Figure 1: Web Service proxies and stubs

The following example shows how to create a simple web service using Microsoft's .NET platform. Any common language runtime (CLR) conformant language can be used to implement a web service, in this example we use the new C# language. Methods that are to be exposed as part of the web service are marked with a WebMethod attribute.

<%@ WebService Language="C#" Class="MathService" %>

public class MathService {
     [ WebMethod ]
     public int Add(int num1, int num2) {
          return num1+num2;
     }
}

From this information, a WSDL specification can be automatically generated (click here to view MathService.wsdl). Given a WSDL specification, a utility program can used to create a client proxy class for accessing the web service.  

public class MathServiceProxy : System.Web.Services.Protocols.SoapHttpClientProtocol {
    
    public MathService() {
        this.Url = "http://www.servername.com/LocalPath/MathService.asmx";
    }
    
    public int Add(int num1, int num2) {
        object[] results = this.Invoke("Add", new object[] {num1, num2});
        return ((int)(results[0]));
    }
    
    public System.IAsyncResult BeginAdd(int num1, int num2, 
                                        System.AsyncCallback callback, object asyncState) {
        return this.BeginInvoke("Add", new object[] {num1, num2}, callback, asyncState);
    }
    
    public int EndAdd(System.IAsyncResult asyncResult) {
        object[] results = this.EndInvoke(asyncResult);
        return ((int)(results[0]));
    }
}
The following example shows how this proxy class can be used to invoke web methods synchronously or asynchronously.
class ExampleClient
{
    static MathService mathProxy = new MathServiceProxy();
	
    static void Main(string[] args) {
        // invoke Add method synchronously 
        int result = mathProxy.Add(1, 2);
        Console.WriteLine("1 + 2 = {0}", result);

        // invoke Add method asynchronously
        IAsyncResult resultHandle = mathProxy.BeginAdd(1, 2, new AsyncCallback(MyHandler), 
                                                       new int[] {1, 2});
		
        // processing continues without a result ...

        // later, can block until result becomes available
        resultHandle.AsyncWaitHandle.WaitOne();
        // ...
    }

    // callback function used to process asynchronous results
    static void MyHandler(IAsyncResult ar) {
        int [] savedState = (int[]) ar.AsyncState;
        int result = mathProxy.EndAdd(ar);
        Console.WriteLine("{0} + {1} = {2}", savedState[0], savedState[1], result);
    }
}

Invoking web methods asynchronously is obviously more complex than invoking them synchronously, however, it conforms to the design pattern used for asynchronous operations throughout the .NET platform, and will therefore soon be familiar to many programmers.

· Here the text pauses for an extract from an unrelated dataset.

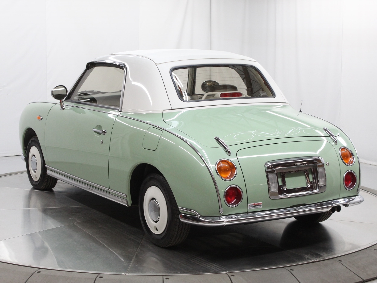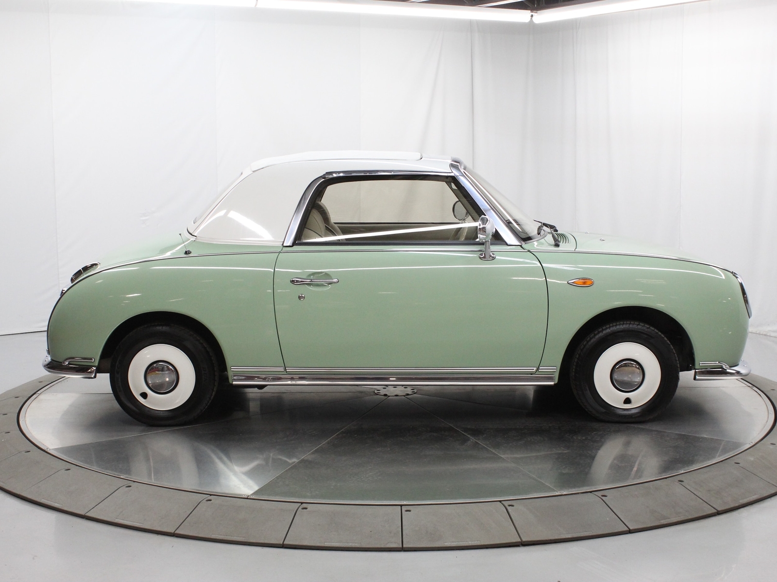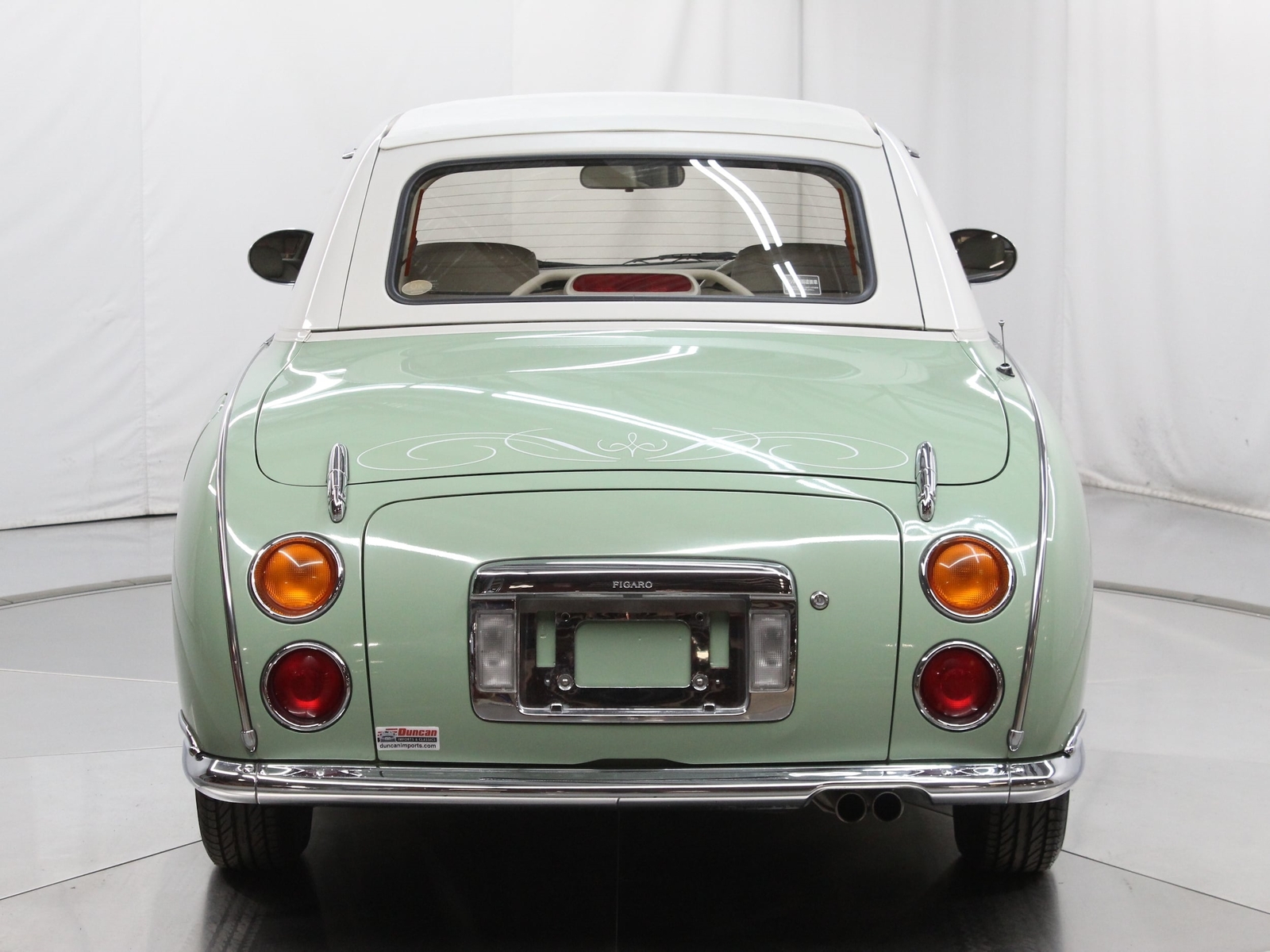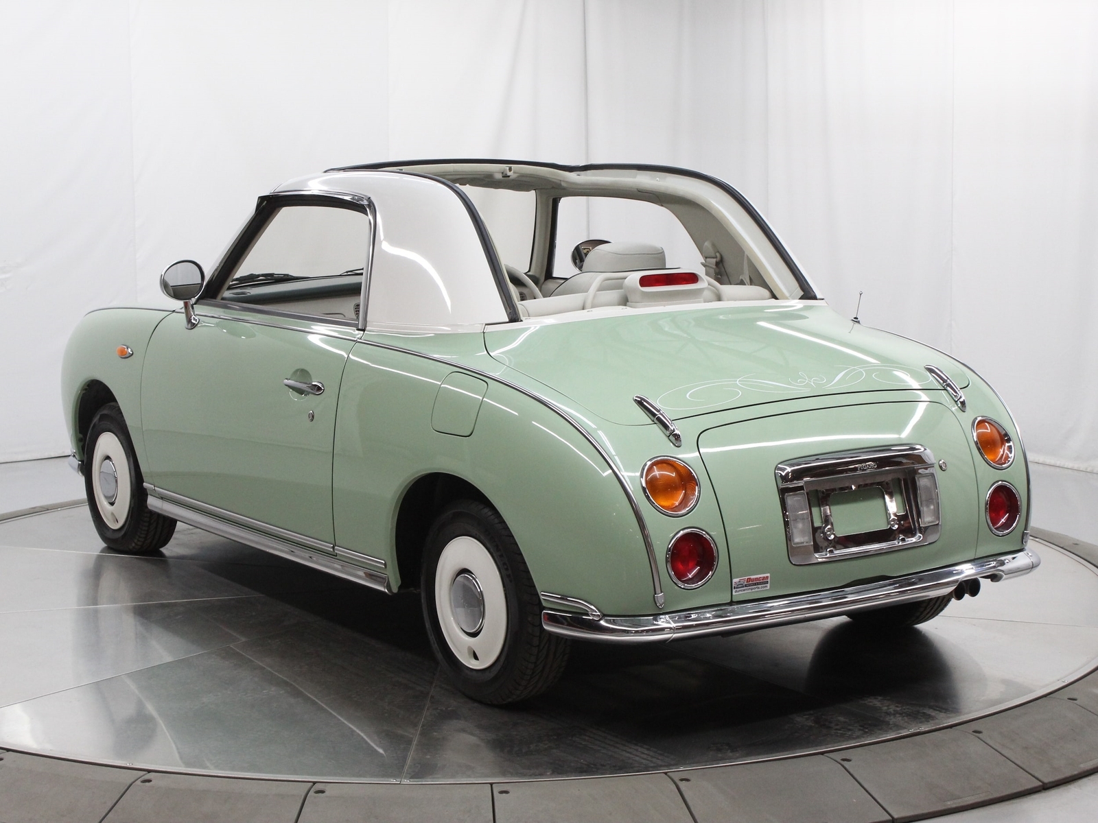 23,981 Kilometers The Nissan Figaro was manufactured in Japan, and the concept debuted at the 1989 Tokyo Motor Show, receiving favorable reviews. Production began in 1991, and there were only 20,073 units ever built all of which were sold exclusively through Nissan Cherry stores in Japan. This “Pike Car” drew inspiration from the art-deco fashion of the 1930’s, combining it with state-of-the-art technology of the 1990’s. Each unit comes with standard features such as ivory leather seats with contrasting piping, soft-feel paint on the dashboard, cd/cassette player, and chrome interior accents. This fixed-profile convertible is powered by a 1.0-liter turbocharged engine paired with a 3-speed automatic transmission, producing 75 horsepower and 78 lb-ft of torque. Finished in only four different colors, the paint choices represented the four seasons: Emerald Green for Spring, Pale Aqua for Summer, Topaz Mist for Autumn, and Lapis Grey for Winter. Third party pre-purchase inspections are welcomed and encouraged. All vehicles sold by Duncan come with a clean U.S. title.

4 Parallel Computing using Web Services

Web services allow clients to initiate a computation on a remote computer and to have the results of that computation returned. Web services were mainly designed to support distributed/client-server type applications. If, however, web methods are invoked asynchronously on a number of different server machines at the same time, then parallel computation can be achieved. Note, this is atypical of client-server computing, normally a large number of clients access a single server; here we have each client accessing a large number of servers.

Figure 2: Multiple Server Architecture

static void Main(string args[]) {
    // setup proxies for each server 
    MathService[] mathProxy = new MathServiceProxy[args.Length];
    for (int i=0; i<args.Length; i++) {
        mathProxy[i] = new MathServiceProxy();
        mathProxy[i].Url = args[i];
    }
    // ...

    WaitHandle[] waitHandles = new WaitHandle[args.Length];
    // invoke Add method asynchronously N times on different servers.
    for (int i=0; i<args.Length; i++) {
        IAsyncResult resultHandle = mathProxy[i].BeginAdd(i, i+1, new AsyncCallback(MyHandler),
                                                          new int[] {i, i+1});
        waitHandles[i] = resultHandle.AsyncWaitHandle;
    }

    // wait for all results 
    WaitHandle.WaitAll(waitHandles);
    // ...
}

While this architecture could be used to create parallel applications, it is very heavyweight with respect to the amount of installation and configuration required on each volunteer machine. Firstly, each volunteer machine must be set up as a web server. Secondly, a web service that implements the parallel portion of the application in question must be deployed on each volunteer machine. This architecture makes it difficult for additional, individually "owned" machines to donate their cycles as they become idle. Most workstation owners won’t have, or won’t be willing to install a web server, and won’t be willing to hand over the administrative privileges necessary to allow others to deploy new web services on their machines. Firewalls, pose an even greater problem for this architecture - even if a volunteer machine behind a firewall has a web server installed, clients outside of the firewall still won’t be able to contact it.

5 The G2 Approach to Parallel Computing using Web Services

This paper describes a system called G2 that uses the basic facilities of web services to implement a framework for parallel computing over the Internet and requires nothing more than a web browser to be installed on the volunteer machines. In our system, when a web method is invoked, rather than being executed on a specific machine, it is queued in a central job repository, to be executed by the next available volunteer machine.

Figure 3: Single Server Architecture

The server is the only machine that exposes actual web services through a web server. Client applications push "jobs" (web method invocations) into the job repository and volunteer machines pull jobs out when they wish. From the client’s perspective, the web service appears to be implemented on a single server machine. The server transparently delegates the actual execution of web services to whichever volunteer machines are available at the time. Neither the client nor the server need know in advance who the potential volunteers might be. Volunteers located anywhere on the Internet can contact the server at any time and thereby participate in parallel computations, even if they are behind a firewall (in most cases). Clients also can connect to the server from any machine on the Internet. Clients don’t have to log on to the server in order to deploy or launch applications, client applications execute directly on the end user’s desktop and seamlessly tap into the computational resources made available via the server. Note, this architecture allows clients to communicate (indirectly) with Volunteers, even if both parties are behind a (different) firewall. Such communication is generally not possible for pure peer-to-peer systems.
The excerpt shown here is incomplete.